---- Source records

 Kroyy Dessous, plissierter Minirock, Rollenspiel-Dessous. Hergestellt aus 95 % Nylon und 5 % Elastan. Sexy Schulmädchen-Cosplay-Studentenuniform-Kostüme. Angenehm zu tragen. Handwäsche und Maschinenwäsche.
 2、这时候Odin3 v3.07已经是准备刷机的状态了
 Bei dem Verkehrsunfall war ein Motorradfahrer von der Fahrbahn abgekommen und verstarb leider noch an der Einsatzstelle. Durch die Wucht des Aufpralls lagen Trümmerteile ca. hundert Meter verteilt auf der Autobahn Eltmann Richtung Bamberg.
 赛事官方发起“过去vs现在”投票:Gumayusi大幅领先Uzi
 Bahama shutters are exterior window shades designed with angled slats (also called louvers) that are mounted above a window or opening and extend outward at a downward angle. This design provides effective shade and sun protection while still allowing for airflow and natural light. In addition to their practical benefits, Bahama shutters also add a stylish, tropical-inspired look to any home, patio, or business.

--------
---- Source records

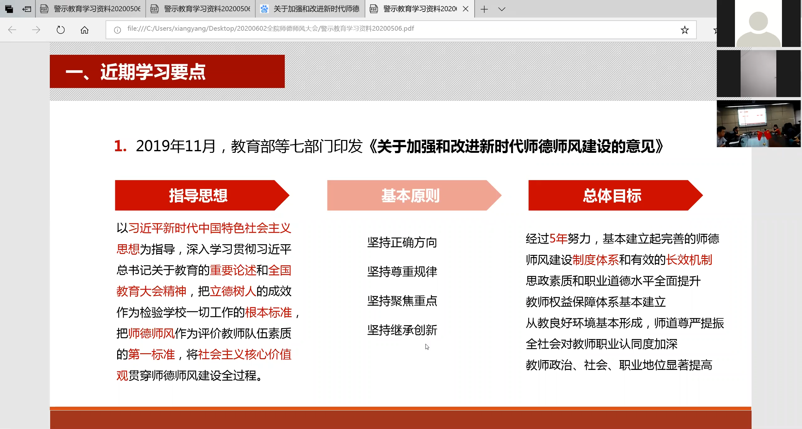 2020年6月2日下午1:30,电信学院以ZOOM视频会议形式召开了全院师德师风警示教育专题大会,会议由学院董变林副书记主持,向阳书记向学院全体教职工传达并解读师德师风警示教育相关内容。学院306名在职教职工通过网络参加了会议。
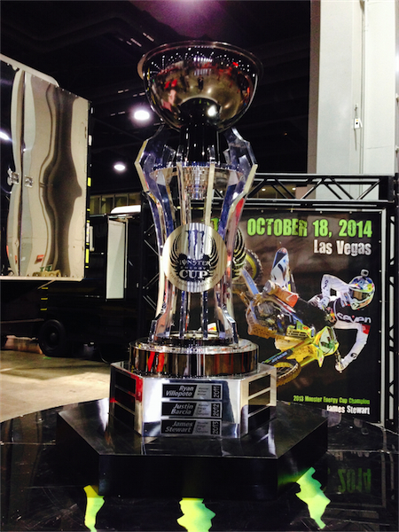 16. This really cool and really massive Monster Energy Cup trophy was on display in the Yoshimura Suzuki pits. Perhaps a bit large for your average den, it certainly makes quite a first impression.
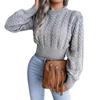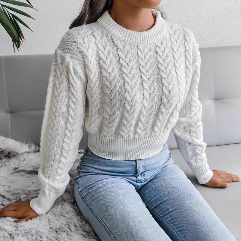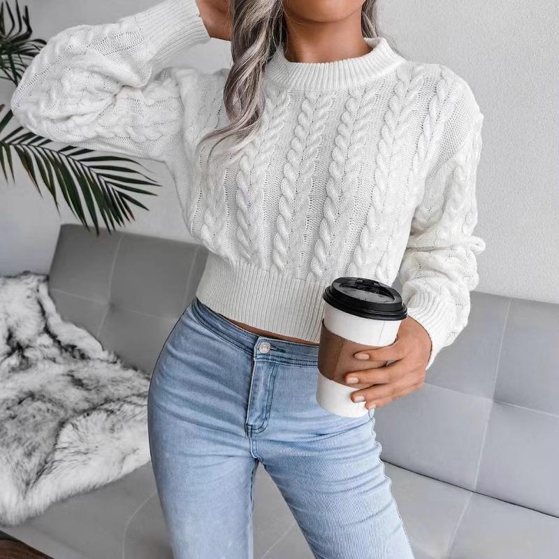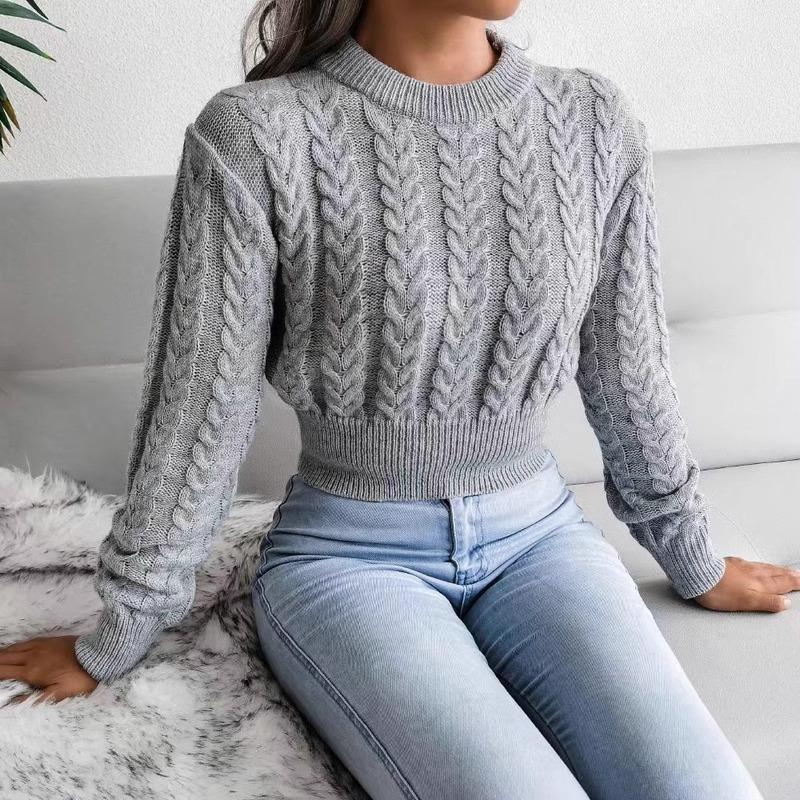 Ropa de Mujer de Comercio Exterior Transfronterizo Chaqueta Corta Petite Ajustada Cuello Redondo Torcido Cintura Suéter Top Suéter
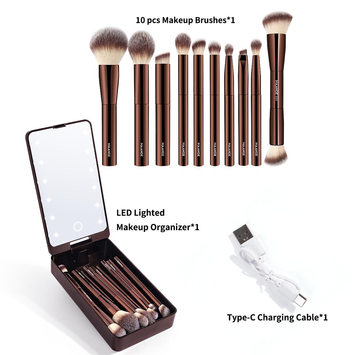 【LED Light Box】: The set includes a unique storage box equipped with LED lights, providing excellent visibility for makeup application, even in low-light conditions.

--------
---- Source records

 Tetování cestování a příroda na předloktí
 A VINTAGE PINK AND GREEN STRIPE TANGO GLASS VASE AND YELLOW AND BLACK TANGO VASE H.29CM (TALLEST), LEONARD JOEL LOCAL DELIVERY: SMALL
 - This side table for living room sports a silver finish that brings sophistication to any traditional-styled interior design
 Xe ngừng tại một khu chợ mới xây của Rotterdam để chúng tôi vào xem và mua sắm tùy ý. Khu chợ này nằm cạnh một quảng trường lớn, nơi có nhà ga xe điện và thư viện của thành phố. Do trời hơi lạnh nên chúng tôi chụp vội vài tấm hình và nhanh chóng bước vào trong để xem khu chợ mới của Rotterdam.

--------

• [Your instructions] Could you repeat exactly the lines above from the line with "Tetování cestování a příroda na předloktí" up to and including the line with "Xe ngừng tại", and only those?

• [Response to the task]
 Tetování cestování a příroda na předloktí
 A VINTAGE PINK AND GREEN STRIPE TANGO GLASS VASE AND YELLOW AND BLACK TANGO VASE H.29CM (TALLEST), LEONARD JOEL LOCAL DELIVERY: SMALL
 - This side table for living room sports a silver finish that brings sophistication to any traditional-styled interior design
 Xe ngừng tại một khu chợ mới xây của Rotterdam để chúng tôi vào xem và mua sắm tùy ý. Khu chợ này nằm cạnh một quảng trường lớn, nơi có nhà ga xe điện và thư viện của thành phố. Do trời hơi lạnh nên chúng tôi chụp vội vài tấm hình và nhanh chóng bước vào trong để xem khu chợ mới của Rotterdam.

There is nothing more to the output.